Hall of Famer John Smoltz addresses Virginia baseball team looking to rebound from difficult 2018

Story by Zach Perelesjohn smoltz

A 21-year MLB career, a World Series ring, a Cy Young award, eight All Star selections and, in 2015, a Hall of Fame induction. In every sense of the word, John Smoltz’s career was a resounding success.

But that doesn’t mean he didn’t experience failure along the way.

“Who I am is defined by failure,” Smoltz said Saturday at Virginia baseball’s 17th Annual Step Up to the Plate event. “If you’re going to know about John Smoltz, you’re going to know about failure. Failure is the greatest motivator to success, and it’s the greatest motivator to greatness.”

Take Smoltz’s 1991 season. He had just become a first-time father. Heading into the All Star break, he had a record of 2-11, and a demotion from the starting rotation seemed imminent.

Smoltz finished the year 14-13. The next year, in 1992, he was an All Star. The same went for 1993. The rest, as his career accomplishments suggest, is history. But if it hadn’t been for that low point a young Smoltz experienced in 1991, he may have never been the pitcher he was.

“The great manager — the Hall-of-Fame manager — Bobby Cox stuck with me,” Smoltz said. “I knew I couldn’t have stayed, at that rate, in the rotation, but I turned it around and went 12-2. … There’s no way you can do that without the confidence of your manager or the ability to overcome failure.”

That’s what made Smoltz, now 51, a perfect candidate to address this year’s Virginia baseball team Saturday in Charlottesville. The Cavaliers are coming off a disappointing campaign that saw them miss the postseason for the first time since Brian O’Connor took over in 2004.

“We’ve had some really, really special people come in here and talk to our men over the 15 years that I’ve been the coach here — a lot of Hall of Famers,” O’Connor said. “Those 30 minutes John [spent with the team] were as impactful as I’ve heard.”

As Smoltz talked, he found an engaged, receptive Virginia squad that had plenty of questions.
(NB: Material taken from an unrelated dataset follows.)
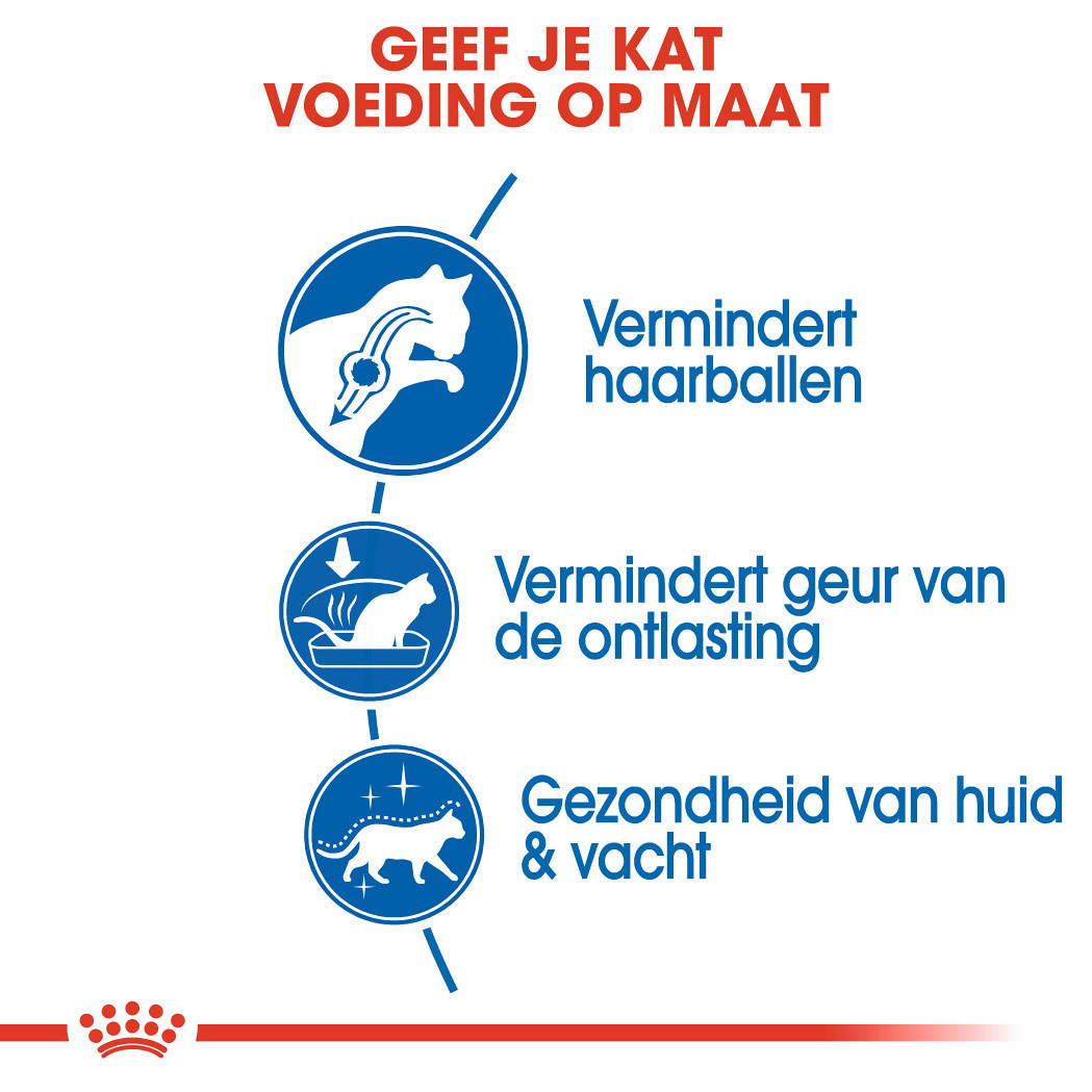 Katten die binnenshuis leven besteden meer tijd aan de verzorging van hun vacht. De ruwe tong werkt als een borstel. Losse, dode haren worden meegenomen. Als deze haren worden ingeslikt komt het in het spijsverteringskanaal. Hier kunnen zich haarballen vormen. Je kat braakt deze haarballen weer uit of worden uitgescheiden via de ontlasting. Voeding speelt een belangrijke rol om dit proces op een natuurlijke manier effectiever te laten verlopen.

“The biggest thing that I am impressed with [by] young players is when they’re able to ask questions,” Smoltz said. “Many people, personality-wise, don’t feel comfortable asking questions, so it’s good that they ask questions. … If you can give them a little key or successful tips to get better, I think that’s something everybody would love. I would have asked the same questions if I [were] in their shoes.”

Of course, like Smoltz, O’Connor has had success year-in and year-out, something that’s not easy to establish. Smoltz, who pitched until he was 42, knows that as well as anyone, and that’s what gives him great respect for Virginia’s coach.

“I can only imagine every year the expectations with a different crop of players and a different talent pool where everybody’s trying to get to not only his level but knock him down from the level he’s created,” Smoltz said. “I think with any successful program, person, coach or mentor, you have your underlying non-negotiables, and then you’re willing to change with time. … I’ve seen a lot of great leaders be able to stay true to who they are, still adapt, still learn how to be different in this day and age but not forego or compromise what they believe.”

O’Connor, in turn, believes Smoltz’s words will stay with the team as it hopes to return to the postseason in 2019.

“His message to the group of our guys was really, really impactful, and I know our guys will take it well, and certainly, hopefully, it helps them continue to improve as individuals and also as a group,” O’Connor said.